Eine fragile Indie-Folk-Klangwelt voller Melancholie und cineastischer Tiefe entfaltet sich auf dem bemerkenswerten Debüt von GHOSTS & ERRORS. Die detailverliebte Produktion von Florian Stepper changiert meisterhaft zwischen Schwere und Katharsis. Mit einer opulenten Besetzung gelingt dem Projekt ein intensives Werk, das lange nachhallt.

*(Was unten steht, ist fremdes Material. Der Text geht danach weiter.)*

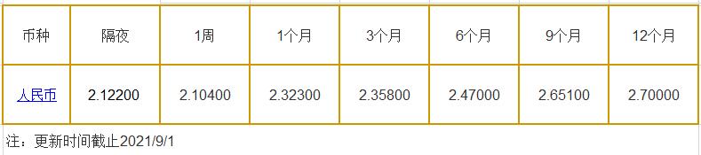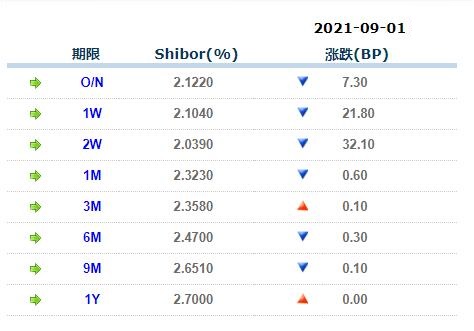 9月1日中国银行间同业拆借利率人民币: 隔夜报2.12200%, 1周期报2.10400%, 1月期报2.32300%, 12月期报2.70000%。 中国银行同业拆放利率(ChiaItrakOffrdRat,简称CHIOR)。同业拆借利率指金融机构同业之间的短期资金借贷利率。它有两个利率,拆进利率表示金融机构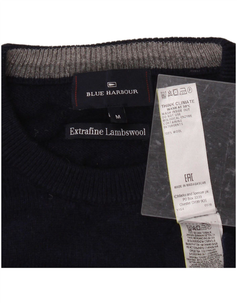 BLUE HARBOUR Mens Crew Neck Jumper Sweater Medium Navy Blue Lambswool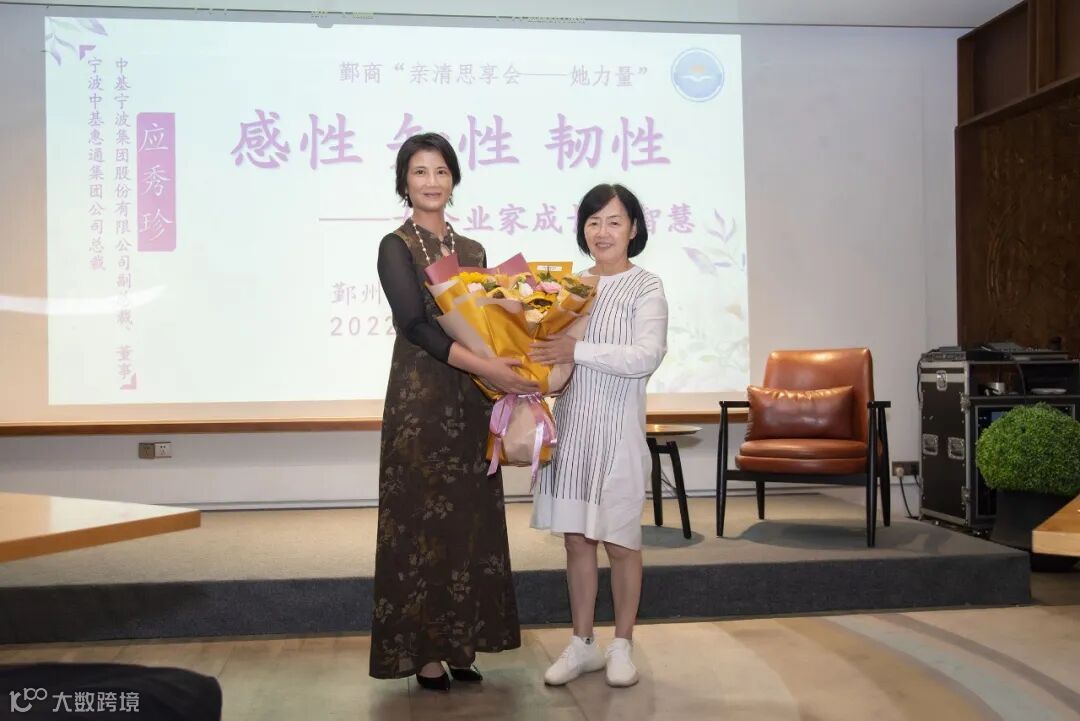 应秀珍首先围绕使命、愿景等多个方面介绍了宁波中基惠通集团股份有限公司相关情况,阐述了中基人如何在逆境中坚守打磨、寻求破局,在探索中拥抱变化、打开市场,在开拓中创新进取、实现跨越等企业发展历程。她在外贸行业深耕40余载,精管理,敢创新,善研判,对外贸形势的变化感知敏锐,参与过胡春华副总理面对面的调研,提及的问题在央视播出。她创建的中基惠通外贸平台服务中小企业1万多家,为服务企业避免收汇风险无偿提供5亿美元的保额;2021该平台出口16.65亿美元,逆势增长40%,通过交流分享让与会企业家深刻感受到了中基辉煌荣誉背后的艰辛奋斗历程和企业家的使命担当。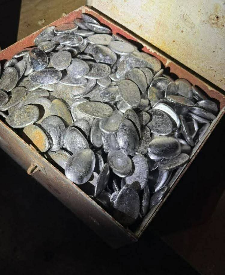 They melted lead in cast-iron  spoons. They poured the molten metal into molds for bullets or fishing sinkers. A household might have a cast iron spoon bullet mold. This was not in a factory — this was at home.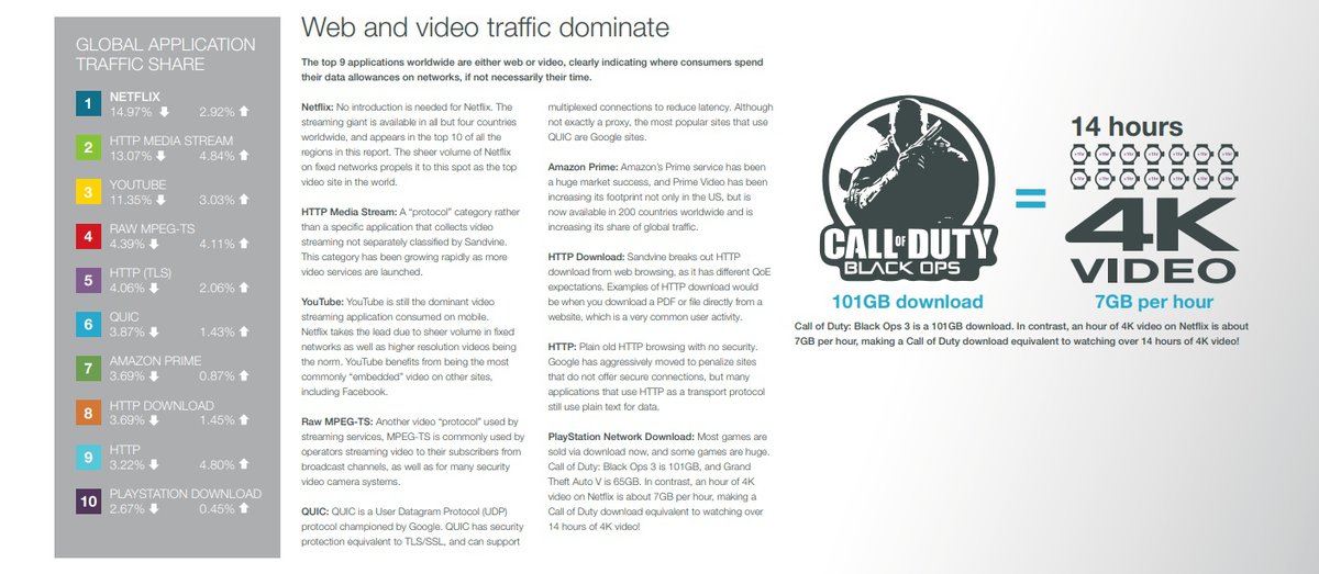 Первое место по объему занимает стриминговый сервис Netflix (на его долю приходится 15% трафика), третье (11.4% трафика) удерживает YouTube. По данным Sandvine, Netflix пользуется наибольшей популярностью в обеих Америках, а YouTube на первом месте в регионе EMEA (Европа, Африка и Ближний Восток).

Das leise, fast unmerklich einsetzende Atmen einer Klarinette bildet den irritierenden Fixpunkt, von dem aus sich dieser Klangkörper langsam in Bewegung setzt. Es ist eine minimalistische Produktionsgeste am Anfang von „Bluebird“, die eine eigentümliche Distanz aufbaut, ein dumpfes Flacken in einer ansonsten vertrauten Szenerie aus sanften Akustikgitarren. Diese bewusste Reduktion bricht sofort mit den Erwartungen, die ein beinahe trotzig gewählter Albumtitel wecken könnte. Wo man pubertäre Überforderung vermuten mag, inszeniert Florian Stepper, der Kopf hinter Ghosts And Errors, eine bemerkenswerte emotionale Reife. Das visuelle Versprechen des Artworks – eine grob gerasterte, kühle, blau-weiße Kaktusblüte, die eher an eine distanzierte, künstliche Pose als an intime Folkmusik erinnert – findet hier seine klangliche Entsprechung. Das Cover fungiert als ästhetisches Schutzschild: Es stilisiert das Organische zu einem grafischen Muster und verhandelt so genau jenen Bruch zwischen innerer Zerrissenheit und äußerer Form, der sich durch die zwölf Songs zieht.
Diese strategische Balance trägt das gesamte Werk. Anstatt auf simple Effekte oder gefällige Indie-Hymnen zu setzen, vertraut die Produktion auf die raumgreifende Wirkung von Entschleunigung. Zusammen mit Gästen wie dem Die-Nerven-Drummer Kevin Kuhn oder dem Cellisten Maarten Vos baut Stepper ein offenes, bisweilen an ein Kammerorchester erinnerndes Bandgefüge auf, das in den besten Momenten an die cineastische Dichte von Fleet Foxes heranreicht. Im verschachtelten Dreivierteltakt von „Jewelry“ kreuzen sich komplexe Hallräume, während eine subtil eingesetzte Orgel eine zitternde Unsicherheit über die harmonische Basis legt. Die Songs funktionieren nicht als Stationen einer klassischen Erzählung, sondern als Belege für einen Zustand des Übergangs. Wenn im getragenen „Out of wine“ melancholische Cellolinien das Fundament bilden, weicht die akustische Intimität einer klanglichen Überwucherung, ohne die fragile Struktur des Songs zu beschädigen.
Die eigentliche Stärke der Platte liegt in dieser feinen Justierung der Dichte. Dem fast rohen, skelettierten „Nothing“ steht das psychedelisch fließende „Crystal Valley“ gegenüber, in dem sich eine geisterhafte Stadtlandschaft vor uns ausbreitet. Hier verzahnen sich die verschiedenen Texturen zu einem dichten Gewebe aus Schuld und Vergebung. Das Album verweigert sich konsequent einer rein euphorischen Auflösung, selbst das überraschende Uptempo-Stück „Internet“ bleibt durch einen feinen Schleier aus Wehmut gefiltert. Ghosts And Errors gelingt mit diesem Debüt eine präzise Vermessung des Dazwischens, getragen von einer handwerklichen Akribie, die der emotionalen Schwere jederzeit die nötige strukturelle Balance entgegensetzt.